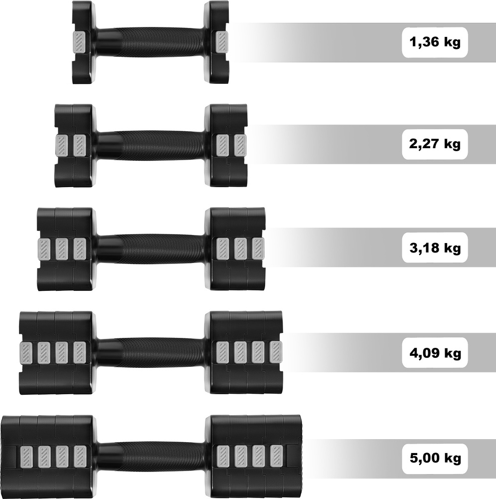 Jedna para zastępuje pięć par klasycznych hantli – oszczędzasz miejsce, czas i pieniądze.
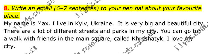 Write an email (6–7 sentences) to your pen pal about your favourite place. My name is Max. I live in Kyiv, Ukraine. It is very big and beautiful city. There are a lot of different streets and parks in my city. You can go for a walk with friends in the main square, called Khreshatyk. I love my city.
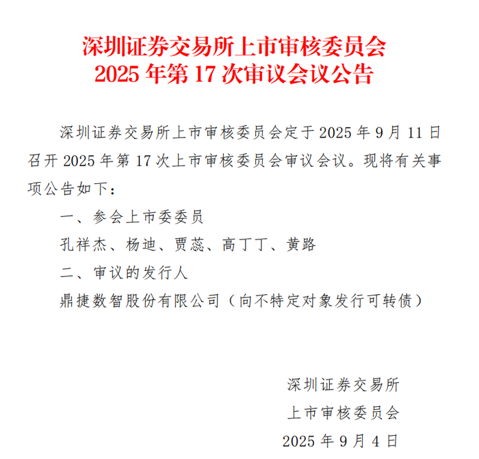 9月4日 ,深交所上市审核委员会发布公告,定于2025年9月11日审议鼎捷数智股份有限公司(以下简称“鼎捷数智”)向不特定对象发行可转债的申请。
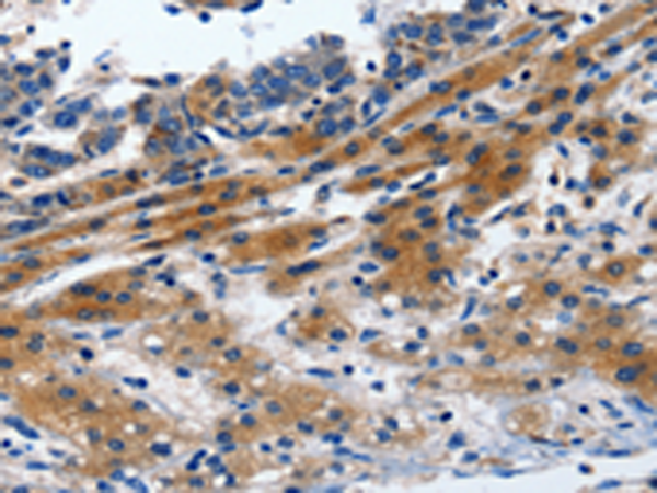 The image is immunohistochemistry of paraffin-embedded Human liver cancer tissue using P04084(ITGAL Antibody) at dilution 1/20. (Original magnification: ×200) |
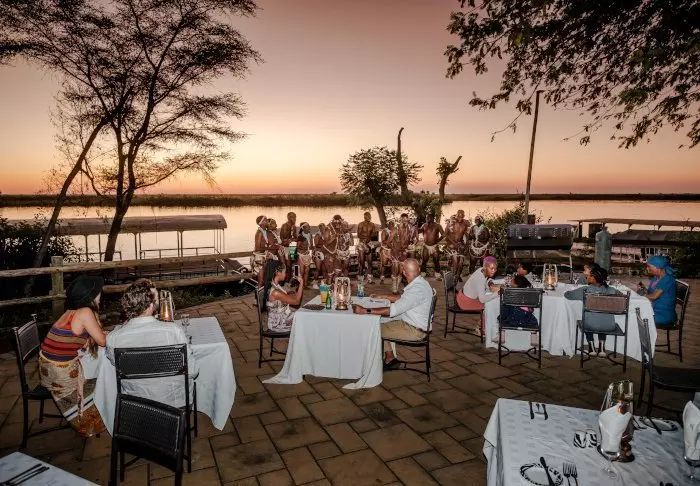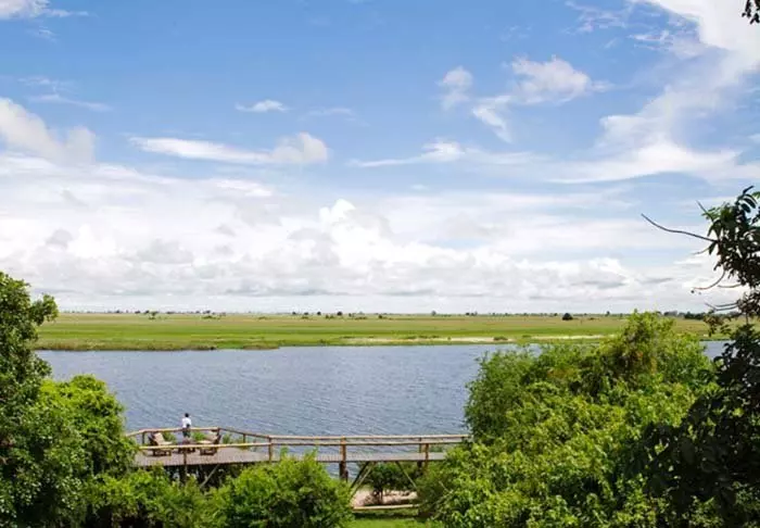 Es gibt einen 250 Meter langen Steg entlang des Flussufers mit einer Reihe an Aussichtsplattformen und weichen Stühlen, Halbschatten und eine unvergessliche Aussicht auf den Fluss Chobe mit seinen vielen verschiedenen Tieren. Genießen Sie den Sonnenuntergang mit einem kühlen Getränk in der Hand – es gibt beinahe nichts Schöneres auf der Welt als einen Sonnenuntergang im Chobe-Nationalpark.
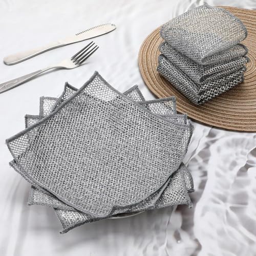 Generic - اقمشة غسيل الاطباق سلكية متعددة الاغراض تزيل الصدأ والبقع الزيتية والأوساخ العنيدة دون الاضرار بأواني الطبخ او يديك. (6 قطع)، ستانلس ستيل
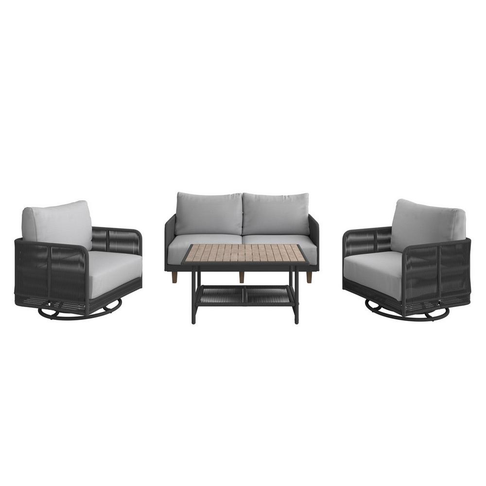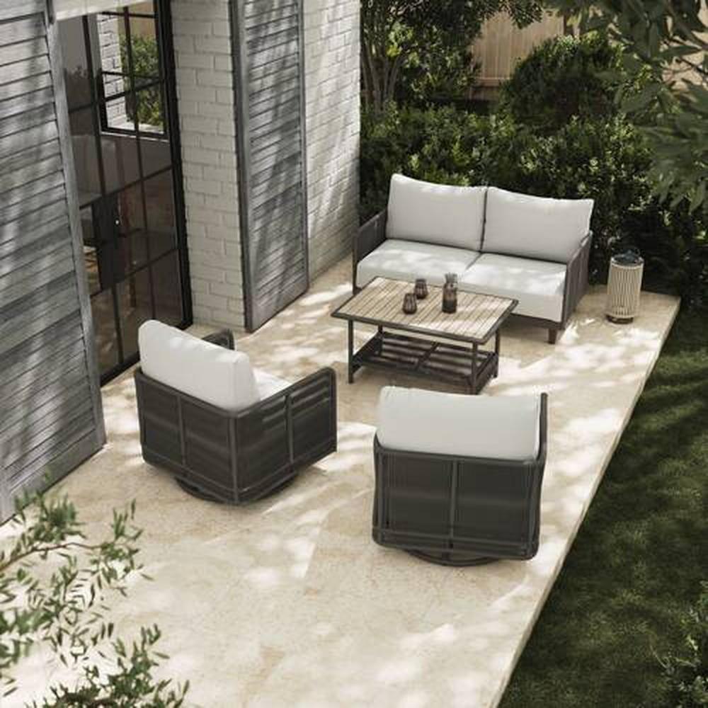 Tento výrobok je dostupný iba ONLINE. Užite si luxus a pohodlie s našou štvordielnou sedacou súpravou v elegantnej kombinácii svetlosivej a tmavosivej farby! Súprava je dokonalým doplnkom na záhradu alebo terasu, pretože s atraktívnym prevedením a celkovými rozmermi cca 146 x 60 x 72 cm (Š x V x H) pozýva k oddychu, či už cez deň alebo večer. Sedenie pozostáva z dvoch kresiel, ktoré sú otočné, čo je veľmi užitočná vlastnosť pri vstávaní aj sadaní. U žiadne náročné odsúvanie nábytku! Každé z kresiel možno zaťažiť až 160 kilogramami, a sú vybavené hrubými sedacími poduškami a taktiež robustnými chrbtovými vankúšmi, ktoré poskytujú maximálny komfort pri opieraní. Priestranná lavica s nosnosťou až 360 kg je tak isto ako aj kreslá, vybavená mäkkými poduškami a chrbtovými vankúšmi. Odnímateľné poťahy umožňujú jednoduché čistenie a údržbu. Sedacia súprava je vyrobená z vysoko kvalitného hliníka odolného voči hrdzi, vďaka čomu je trvácna a odolná voči poveternostným vplyvom. Matný povrch a výplet s ratanovým efektom dodávajú nábytku moderný vzhľad. Zostavu dopĺňa záhradný stôl s rozmermi asi 92 x 47 x 60 cm (Š x V x H) a nosnosťou 30 kg<

○ ○ ○ ○ ○

Task brief: Print nothing but the lines above starting with the line that contains "9月4日 ,深交所上市审核委" and going on through the line that contains "Es gibt einen". Leave out the pictures.

Response to this task:
 9月4日 ,深交所上市审核委员会发布公告,定于2025年9月11日审议鼎捷数智股份有限公司(以下简称“鼎捷数智”)向不特定对象发行可转债的申请。
 The image is immunohistochemistry of paraffin-embedded Human liver cancer tissue using P04084(ITGAL Antibody) at dilution 1/20. (Original magnification: ×200) |
 Es gibt einen 250 Meter langen Steg entlang des Flussufers mit einer Reihe an Aussichtsplattformen und weichen Stühlen, Halbschatten und eine unvergessliche Aussicht auf den Fluss Chobe mit seinen vielen verschiedenen Tieren. Genießen Sie den Sonnenuntergang mit einem kühlen Getränk in der Hand – es gibt beinahe nichts Schöneres auf der Welt als einen Sonnenuntergang im Chobe-Nationalpark.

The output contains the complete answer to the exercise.